## Goal of the exercise
In the listing below, a line holding "Fig. 2), Interno" and a line holding "Vodskov Byvej 20" mark the range. Retype both exactly, with all lines between them.

## Given entries
▼

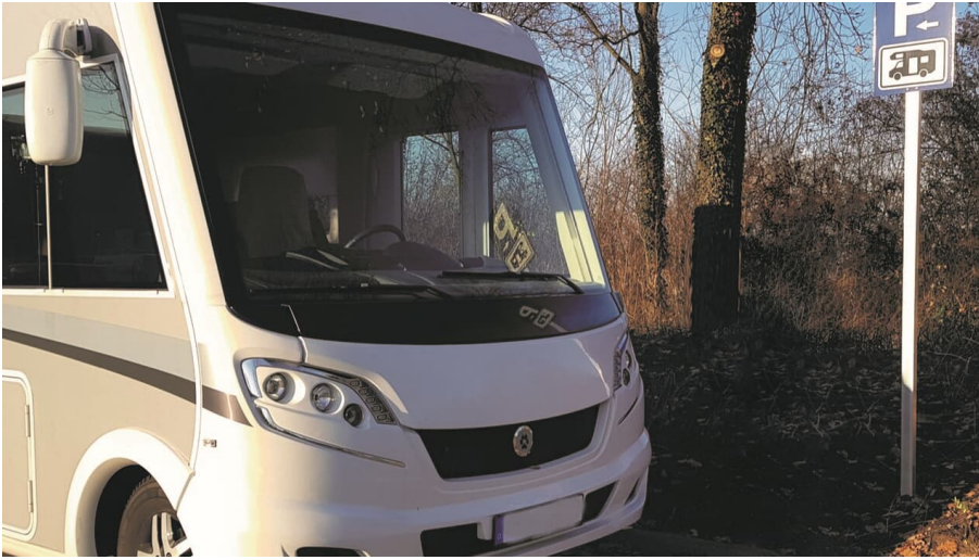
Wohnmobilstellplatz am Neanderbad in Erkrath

▲
▼

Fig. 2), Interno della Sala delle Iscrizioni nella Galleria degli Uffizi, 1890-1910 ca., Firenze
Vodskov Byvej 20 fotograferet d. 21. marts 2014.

▲

## Exercise output
Fig. 2), Interno della Sala delle Iscrizioni nella Galleria degli Uffizi, 1890-1910 ca., Firenze
Vodskov Byvej 20 fotograferet d. 21. marts 2014.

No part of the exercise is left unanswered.